- [About this task]
Hand back each record exactly as you find it.

- [Input material]
::::::
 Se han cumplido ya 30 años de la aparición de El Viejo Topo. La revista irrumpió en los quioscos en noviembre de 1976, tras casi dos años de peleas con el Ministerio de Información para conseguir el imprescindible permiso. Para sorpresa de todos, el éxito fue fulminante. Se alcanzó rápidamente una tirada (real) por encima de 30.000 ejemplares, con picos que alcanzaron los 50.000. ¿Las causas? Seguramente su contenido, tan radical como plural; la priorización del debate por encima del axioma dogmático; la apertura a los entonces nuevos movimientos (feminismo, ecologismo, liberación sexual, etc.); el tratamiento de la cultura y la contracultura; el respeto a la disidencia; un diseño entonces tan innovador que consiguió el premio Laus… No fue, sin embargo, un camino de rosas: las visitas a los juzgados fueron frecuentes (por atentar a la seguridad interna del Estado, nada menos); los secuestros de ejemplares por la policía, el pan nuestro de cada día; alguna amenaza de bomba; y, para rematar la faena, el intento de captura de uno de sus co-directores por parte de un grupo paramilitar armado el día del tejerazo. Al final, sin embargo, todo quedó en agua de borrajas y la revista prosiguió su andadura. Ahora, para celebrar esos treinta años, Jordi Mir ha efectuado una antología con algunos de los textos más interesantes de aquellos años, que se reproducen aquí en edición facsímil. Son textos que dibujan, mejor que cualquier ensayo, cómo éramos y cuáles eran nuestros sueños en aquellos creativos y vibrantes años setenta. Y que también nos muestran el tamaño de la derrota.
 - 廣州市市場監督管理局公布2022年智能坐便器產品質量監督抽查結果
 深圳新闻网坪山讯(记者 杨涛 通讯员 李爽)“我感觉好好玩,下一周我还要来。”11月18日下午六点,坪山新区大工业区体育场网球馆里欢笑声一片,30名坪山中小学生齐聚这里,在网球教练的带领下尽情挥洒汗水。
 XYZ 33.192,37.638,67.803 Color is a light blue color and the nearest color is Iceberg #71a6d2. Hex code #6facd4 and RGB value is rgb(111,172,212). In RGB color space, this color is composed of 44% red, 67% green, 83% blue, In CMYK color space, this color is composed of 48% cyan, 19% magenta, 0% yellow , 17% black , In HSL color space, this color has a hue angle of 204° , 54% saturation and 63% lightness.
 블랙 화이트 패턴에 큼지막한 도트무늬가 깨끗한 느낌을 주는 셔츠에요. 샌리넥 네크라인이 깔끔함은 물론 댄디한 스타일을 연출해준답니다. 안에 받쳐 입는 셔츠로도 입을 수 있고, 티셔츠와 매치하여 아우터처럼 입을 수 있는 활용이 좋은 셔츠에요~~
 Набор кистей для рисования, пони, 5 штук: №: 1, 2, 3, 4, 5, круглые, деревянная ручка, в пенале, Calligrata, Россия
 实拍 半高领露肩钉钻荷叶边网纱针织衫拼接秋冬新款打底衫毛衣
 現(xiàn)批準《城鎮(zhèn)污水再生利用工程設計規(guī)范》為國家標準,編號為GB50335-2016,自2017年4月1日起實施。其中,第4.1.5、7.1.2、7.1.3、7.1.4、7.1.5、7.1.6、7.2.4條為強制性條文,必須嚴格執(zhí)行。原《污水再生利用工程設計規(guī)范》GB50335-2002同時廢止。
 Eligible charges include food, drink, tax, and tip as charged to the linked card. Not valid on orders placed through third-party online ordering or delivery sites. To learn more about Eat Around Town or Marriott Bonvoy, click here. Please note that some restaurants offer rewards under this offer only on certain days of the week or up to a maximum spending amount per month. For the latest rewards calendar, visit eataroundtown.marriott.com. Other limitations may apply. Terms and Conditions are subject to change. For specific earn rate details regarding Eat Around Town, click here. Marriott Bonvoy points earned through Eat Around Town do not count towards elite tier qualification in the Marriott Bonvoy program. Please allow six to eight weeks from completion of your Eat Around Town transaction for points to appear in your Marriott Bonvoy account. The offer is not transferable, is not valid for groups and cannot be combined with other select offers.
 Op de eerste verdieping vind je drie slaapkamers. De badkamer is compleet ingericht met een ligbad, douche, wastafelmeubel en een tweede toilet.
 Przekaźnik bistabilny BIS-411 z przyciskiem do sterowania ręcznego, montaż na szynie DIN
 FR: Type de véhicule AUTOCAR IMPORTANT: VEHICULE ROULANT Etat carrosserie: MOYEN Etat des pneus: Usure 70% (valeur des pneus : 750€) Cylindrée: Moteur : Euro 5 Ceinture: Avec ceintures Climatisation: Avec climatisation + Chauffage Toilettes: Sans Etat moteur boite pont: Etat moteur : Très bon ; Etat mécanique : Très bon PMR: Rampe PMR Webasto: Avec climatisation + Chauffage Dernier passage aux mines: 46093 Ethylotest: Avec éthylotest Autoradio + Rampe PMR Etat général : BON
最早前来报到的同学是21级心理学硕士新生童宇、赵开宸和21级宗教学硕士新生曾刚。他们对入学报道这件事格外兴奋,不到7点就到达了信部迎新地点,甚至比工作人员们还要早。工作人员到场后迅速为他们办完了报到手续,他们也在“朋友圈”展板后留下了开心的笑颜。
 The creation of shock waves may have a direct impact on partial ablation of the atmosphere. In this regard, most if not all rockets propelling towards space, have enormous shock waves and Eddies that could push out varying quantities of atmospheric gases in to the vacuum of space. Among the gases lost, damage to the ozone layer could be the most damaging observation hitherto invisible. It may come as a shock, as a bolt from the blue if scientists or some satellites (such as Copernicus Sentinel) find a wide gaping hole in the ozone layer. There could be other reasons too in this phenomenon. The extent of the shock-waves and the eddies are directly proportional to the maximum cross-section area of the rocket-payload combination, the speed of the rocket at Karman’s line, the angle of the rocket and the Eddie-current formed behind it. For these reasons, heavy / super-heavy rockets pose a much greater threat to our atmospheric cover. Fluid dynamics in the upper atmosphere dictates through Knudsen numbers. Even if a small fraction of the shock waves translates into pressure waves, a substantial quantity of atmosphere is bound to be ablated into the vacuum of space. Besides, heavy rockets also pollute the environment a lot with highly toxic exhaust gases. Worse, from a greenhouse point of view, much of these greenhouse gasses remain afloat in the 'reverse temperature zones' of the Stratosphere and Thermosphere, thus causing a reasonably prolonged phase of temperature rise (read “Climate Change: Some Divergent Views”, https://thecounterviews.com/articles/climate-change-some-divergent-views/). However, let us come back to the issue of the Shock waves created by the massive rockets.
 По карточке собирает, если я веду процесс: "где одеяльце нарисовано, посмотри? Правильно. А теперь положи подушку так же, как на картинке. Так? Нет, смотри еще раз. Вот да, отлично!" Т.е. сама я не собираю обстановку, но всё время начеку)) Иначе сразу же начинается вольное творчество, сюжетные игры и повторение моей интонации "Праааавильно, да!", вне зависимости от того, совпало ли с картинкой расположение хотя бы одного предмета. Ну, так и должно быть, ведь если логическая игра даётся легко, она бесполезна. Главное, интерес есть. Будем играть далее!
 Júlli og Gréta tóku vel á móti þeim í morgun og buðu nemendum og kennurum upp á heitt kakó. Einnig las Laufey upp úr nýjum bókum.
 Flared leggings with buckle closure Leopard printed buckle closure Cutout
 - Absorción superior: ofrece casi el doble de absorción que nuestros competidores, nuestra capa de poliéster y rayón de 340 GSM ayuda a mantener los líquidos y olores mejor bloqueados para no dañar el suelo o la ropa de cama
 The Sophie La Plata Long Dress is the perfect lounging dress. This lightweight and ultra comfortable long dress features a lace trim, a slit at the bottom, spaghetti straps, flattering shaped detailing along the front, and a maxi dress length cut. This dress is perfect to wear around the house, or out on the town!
::::::
- [Solution to the exercise]
 Se han cumplido ya 30 años de la aparición de El Viejo Topo. La revista irrumpió en los quioscos en noviembre de 1976, tras casi dos años de peleas con el Ministerio de Información para conseguir el imprescindible permiso. Para sorpresa de todos, el éxito fue fulminante. Se alcanzó rápidamente una tirada (real) por encima de 30.000 ejemplares, con picos que alcanzaron los 50.000. ¿Las causas? Seguramente su contenido, tan radical como plural; la priorización del debate por encima del axioma dogmático; la apertura a los entonces nuevos movimientos (feminismo, ecologismo, liberación sexual, etc.); el tratamiento de la cultura y la contracultura; el respeto a la disidencia; un diseño entonces tan innovador que consiguió el premio Laus… No fue, sin embargo, un camino de rosas: las visitas a los juzgados fueron frecuentes (por atentar a la seguridad interna del Estado, nada menos); los secuestros de ejemplares por la policía, el pan nuestro de cada día; alguna amenaza de bomba; y, para rematar la faena, el intento de captura de uno de sus co-directores por parte de un grupo paramilitar armado el día del tejerazo. Al final, sin embargo, todo quedó en agua de borrajas y la revista prosiguió su andadura. Ahora, para celebrar esos treinta años, Jordi Mir ha efectuado una antología con algunos de los textos más interesantes de aquellos años, que se reproducen aquí en edición facsímil. Son textos que dibujan, mejor que cualquier ensayo, cómo éramos y cuáles eran nuestros sueños en aquellos creativos y vibrantes años setenta. Y que también nos muestran el tamaño de la derrota.
 - 廣州市市場監督管理局公布2022年智能坐便器產品質量監督抽查結果
 深圳新闻网坪山讯(记者 杨涛 通讯员 李爽)“我感觉好好玩,下一周我还要来。”11月18日下午六点,坪山新区大工业区体育场网球馆里欢笑声一片,30名坪山中小学生齐聚这里,在网球教练的带领下尽情挥洒汗水。
 XYZ 33.192,37.638,67.803 Color is a light blue color and the nearest color is Iceberg #71a6d2. Hex code #6facd4 and RGB value is rgb(111,172,212). In RGB color space, this color is composed of 44% red, 67% green, 83% blue, In CMYK color space, this color is composed of 48% cyan, 19% magenta, 0% yellow , 17% black , In HSL color space, this color has a hue angle of 204° , 54% saturation and 63% lightness.
 블랙 화이트 패턴에 큼지막한 도트무늬가 깨끗한 느낌을 주는 셔츠에요. 샌리넥 네크라인이 깔끔함은 물론 댄디한 스타일을 연출해준답니다. 안에 받쳐 입는 셔츠로도 입을 수 있고, 티셔츠와 매치하여 아우터처럼 입을 수 있는 활용이 좋은 셔츠에요~~
 Набор кистей для рисования, пони, 5 штук: №: 1, 2, 3, 4, 5, круглые, деревянная ручка, в пенале, Calligrata, Россия
 实拍 半高领露肩钉钻荷叶边网纱针织衫拼接秋冬新款打底衫毛衣
 現(xiàn)批準《城鎮(zhèn)污水再生利用工程設計規(guī)范》為國家標準,編號為GB50335-2016,自2017年4月1日起實施。其中,第4.1.5、7.1.2、7.1.3、7.1.4、7.1.5、7.1.6、7.2.4條為強制性條文,必須嚴格執(zhí)行。原《污水再生利用工程設計規(guī)范》GB50335-2002同時廢止。
 Eligible charges include food, drink, tax, and tip as charged to the linked card. Not valid on orders placed through third-party online ordering or delivery sites. To learn more about Eat Around Town or Marriott Bonvoy, click here. Please note that some restaurants offer rewards under this offer only on certain days of the week or up to a maximum spending amount per month. For the latest rewards calendar, visit eataroundtown.marriott.com. Other limitations may apply. Terms and Conditions are subject to change. For specific earn rate details regarding Eat Around Town, click here. Marriott Bonvoy points earned through Eat Around Town do not count towards elite tier qualification in the Marriott Bonvoy program. Please allow six to eight weeks from completion of your Eat Around Town transaction for points to appear in your Marriott Bonvoy account. The offer is not transferable, is not valid for groups and cannot be combined with other select offers.
 Op de eerste verdieping vind je drie slaapkamers. De badkamer is compleet ingericht met een ligbad, douche, wastafelmeubel en een tweede toilet.
 Przekaźnik bistabilny BIS-411 z przyciskiem do sterowania ręcznego, montaż na szynie DIN
 FR: Type de véhicule AUTOCAR IMPORTANT: VEHICULE ROULANT Etat carrosserie: MOYEN Etat des pneus: Usure 70% (valeur des pneus : 750€) Cylindrée: Moteur : Euro 5 Ceinture: Avec ceintures Climatisation: Avec climatisation + Chauffage Toilettes: Sans Etat moteur boite pont: Etat moteur : Très bon ; Etat mécanique : Très bon PMR: Rampe PMR Webasto: Avec climatisation + Chauffage Dernier passage aux mines: 46093 Ethylotest: Avec éthylotest Autoradio + Rampe PMR Etat général : BON
最早前来报到的同学是21级心理学硕士新生童宇、赵开宸和21级宗教学硕士新生曾刚。他们对入学报道这件事格外兴奋,不到7点就到达了信部迎新地点,甚至比工作人员们还要早。工作人员到场后迅速为他们办完了报到手续,他们也在“朋友圈”展板后留下了开心的笑颜。
 The creation of shock waves may have a direct impact on partial ablation of the atmosphere. In this regard, most if not all rockets propelling towards space, have enormous shock waves and Eddies that could push out varying quantities of atmospheric gases in to the vacuum of space. Among the gases lost, damage to the ozone layer could be the most damaging observation hitherto invisible. It may come as a shock, as a bolt from the blue if scientists or some satellites (such as Copernicus Sentinel) find a wide gaping hole in the ozone layer. There could be other reasons too in this phenomenon. The extent of the shock-waves and the eddies are directly proportional to the maximum cross-section area of the rocket-payload combination, the speed of the rocket at Karman’s line, the angle of the rocket and the Eddie-current formed behind it. For these reasons, heavy / super-heavy rockets pose a much greater threat to our atmospheric cover. Fluid dynamics in the upper atmosphere dictates through Knudsen numbers. Even if a small fraction of the shock waves translates into pressure waves, a substantial quantity of atmosphere is bound to be ablated into the vacuum of space. Besides, heavy rockets also pollute the environment a lot with highly toxic exhaust gases. Worse, from a greenhouse point of view, much of these greenhouse gasses remain afloat in the 'reverse temperature zones' of the Stratosphere and Thermosphere, thus causing a reasonably prolonged phase of temperature rise (read “Climate Change: Some Divergent Views”, https://thecounterviews.com/articles/climate-change-some-divergent-views/). However, let us come back to the issue of the Shock waves created by the massive rockets.
 По карточке собирает, если я веду процесс: "где одеяльце нарисовано, посмотри? Правильно. А теперь положи подушку так же, как на картинке. Так? Нет, смотри еще раз. Вот да, отлично!" Т.е. сама я не собираю обстановку, но всё время начеку)) Иначе сразу же начинается вольное творчество, сюжетные игры и повторение моей интонации "Праааавильно, да!", вне зависимости от того, совпало ли с картинкой расположение хотя бы одного предмета. Ну, так и должно быть, ведь если логическая игра даётся легко, она бесполезна. Главное, интерес есть. Будем играть далее!
 Júlli og Gréta tóku vel á móti þeim í morgun og buðu nemendum og kennurum upp á heitt kakó. Einnig las Laufey upp úr nýjum bókum.
 Flared leggings with buckle closure Leopard printed buckle closure Cutout
 - Absorción superior: ofrece casi el doble de absorción que nuestros competidores, nuestra capa de poliéster y rayón de 340 GSM ayuda a mantener los líquidos y olores mejor bloqueados para no dañar el suelo o la ropa de cama
 The Sophie La Plata Long Dress is the perfect lounging dress. This lightweight and ultra comfortable long dress features a lace trim, a slit at the bottom, spaghetti straps, flattering shaped detailing along the front, and a maxi dress length cut. This dress is perfect to wear around the house, or out on the town!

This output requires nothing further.